Notice that because of the independence assumption, betting $b$ dollars per round for 2 rounds yield identical returns to betting $2b$ dollars in one round. This is shown below:
\begin{equation}
\begin{aligned}
\E(r_a) &= pb+pb = 2pb\\
\E(r_b) &= p(2b) = 2pb = \E(r_a)
\end{aligned}
\end{equation}
where $r_a$ is the return after betting $b$ dollars per round for 2 rounds, $r_b$ is the return after betting $2b$ dollars for one round, and $p$ is the probability of winning ($0.4$ in the original problem).
Therefore, a strategy to maximize the chance that the gambler ends up with at least $G$ dollars is to place a bet of $max(0,min(x, G-x))$ dollars in each round, where $x$ is the current wealth. Intuitively, this means that we place the maximum amount of bet per round needed to close the gap between the current wealth $x$ and the target wealth $G$. We will call this the greedy algorithm.

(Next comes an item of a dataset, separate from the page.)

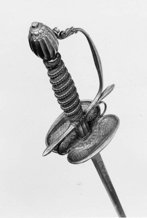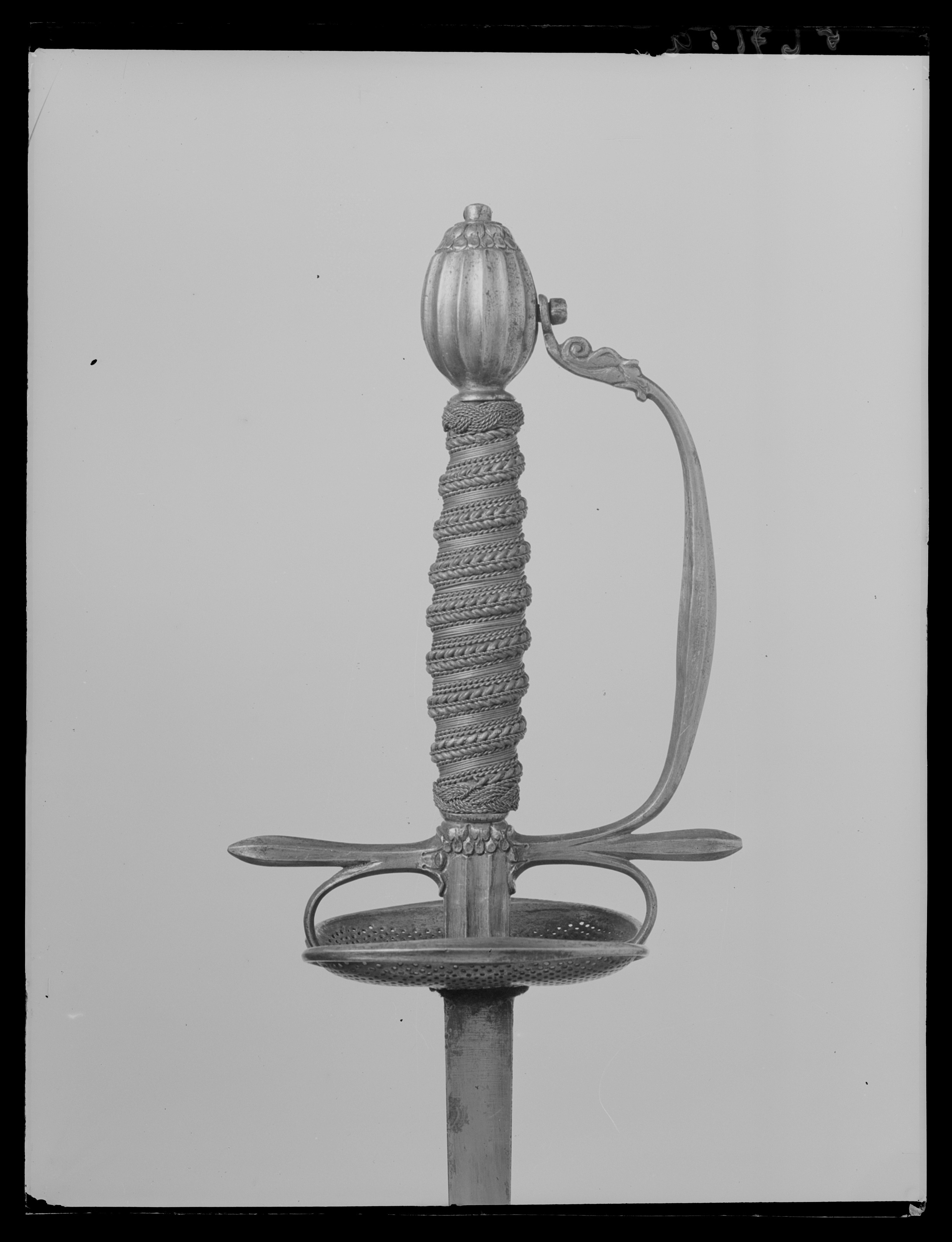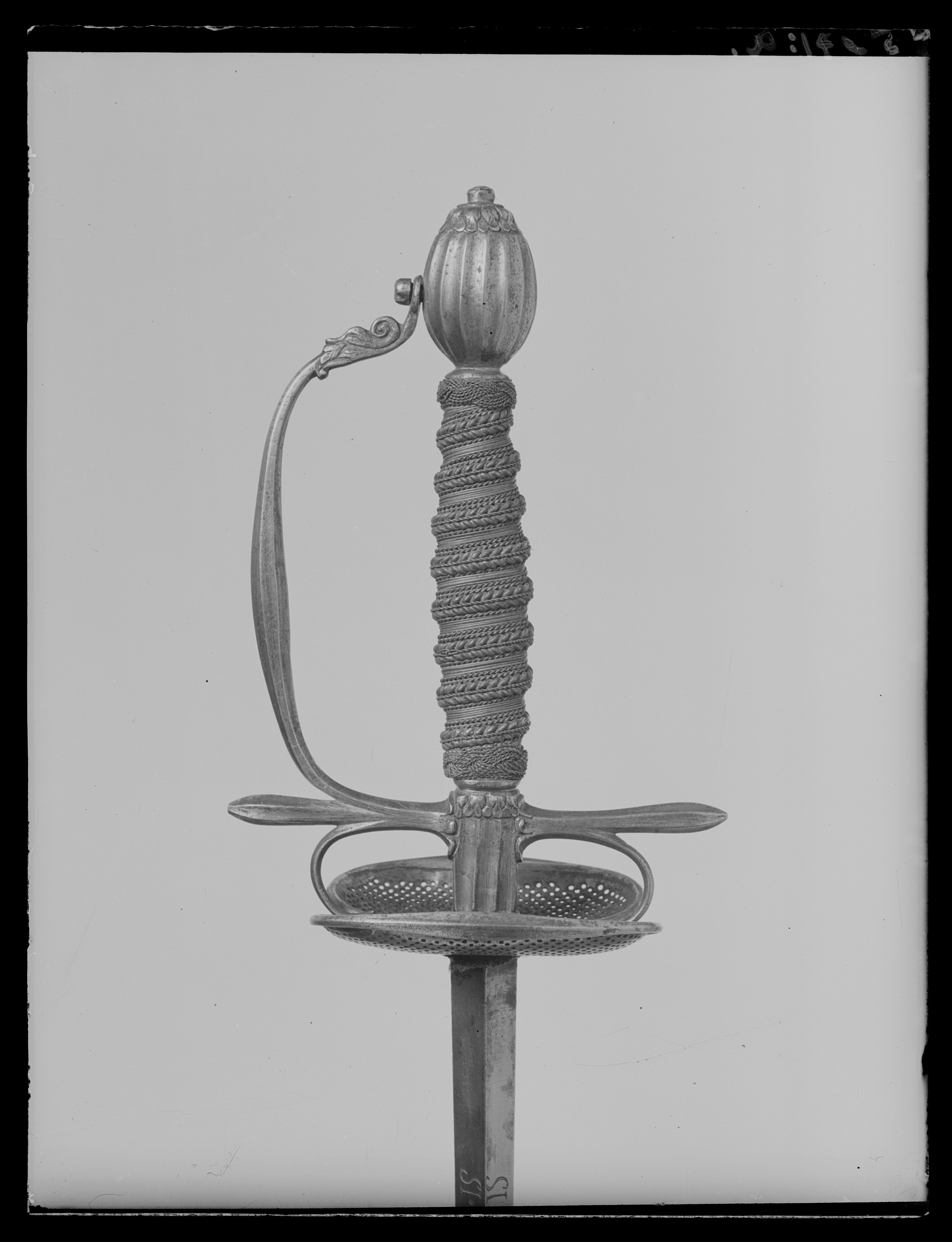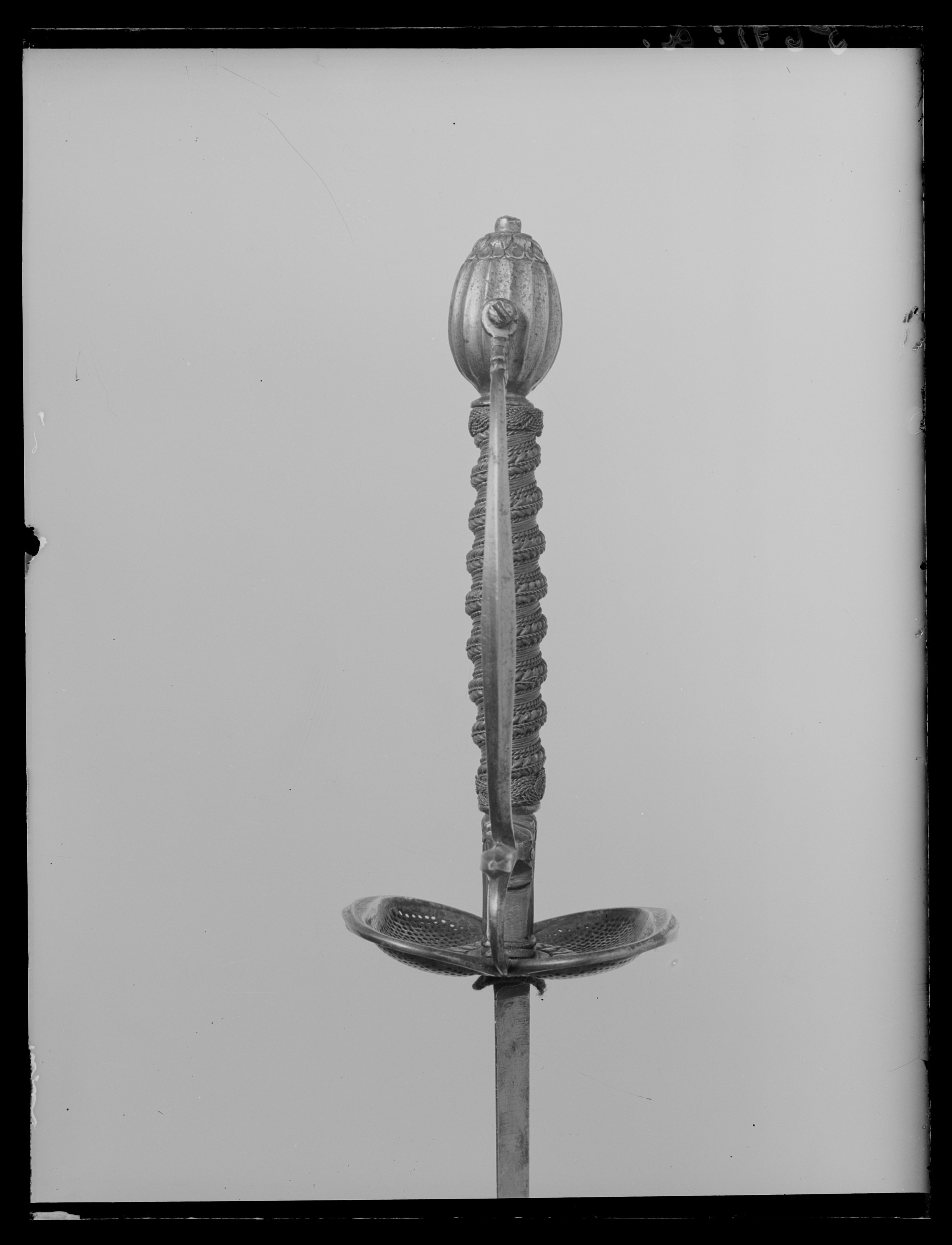 Fäste av delvis reliefsnidat stål, tämligen högt. Knapp utdraget oval form, vertikalräfflad, runtöverdelen bladkrans, nitknappen slät. Handbygel sexsidig (sidorna konkava) med vidgat mittparti, överdelen med volutformig bladranka och fäst vid knappens mitt medelst en genom en uppåtvikt fot dragen skruv med högt huvud. Främre och bakre parerstång, raka yttre delar vidgade och sexsidiga (sidorna konkava). Bågformiga fingerbyglar. Kryss tämligen högt, på ut- och insidan tre vertikala räfflor. Parerplåtar njurformiga med genombrutet ytmönster av små, runda hål och omgivna av kantbyglar med vidgat, sexsidigt mittparti. Kavellindning av barocktyp med reliefverkan genom åtta varv av höga parter med två tjocka, tvinnade silvertrådar, varemellan en tunn, tvinnad koppartråd. Mellan de höga parterna låga dylika av tunna, släta koppartrådar. Upptill och nertill en flätad krans av tvinnad, tunn koppartråd. Samtliga koppartrådar med svaga spår av förgyllning. Klinga rak, lång, slipad med tre eggar, s.k. stukatklinga. I vardera av de tre konkava sidorna etsadinskription: "SI DEVS PRO NOBIS QVIS CONTRA NNOS" (Om Gud är med oss, vem är mot oss - NOS på alla sidor stavat NNOS). Därframför på vardera sidan en grovt tecknad arm utstickande ur moln, beväpnad med sabel-huggarliknande blankvapen.

The same problem can be formulated as a discrete-time finite-horizon stochastic dynamic programming problem.
The state-space is the space of non-negative integers: $X = \N0$.
The action space is the bet amount $b \ge 0$, where $b_k \le x_k$ in each time step $k$.
The transition probability is characterized by:
\[ x_{k+1} =
\begin{cases}
x_k + b & \text{with probability } 0.4 \\
x_k - b & \text{with probability } 0.6 \\
\end{cases}
\]
The immediate reward is $1$ when the new wealth is \$6 or above and $0$ otherwise. Because this is a finite-horizon problem and the result is a binary win/lose, set the discount factor $\gamma$ to weigh all rewards equally. Note that this formulation gives us the theoretical winning probability in the value function $V_0(x_0)$.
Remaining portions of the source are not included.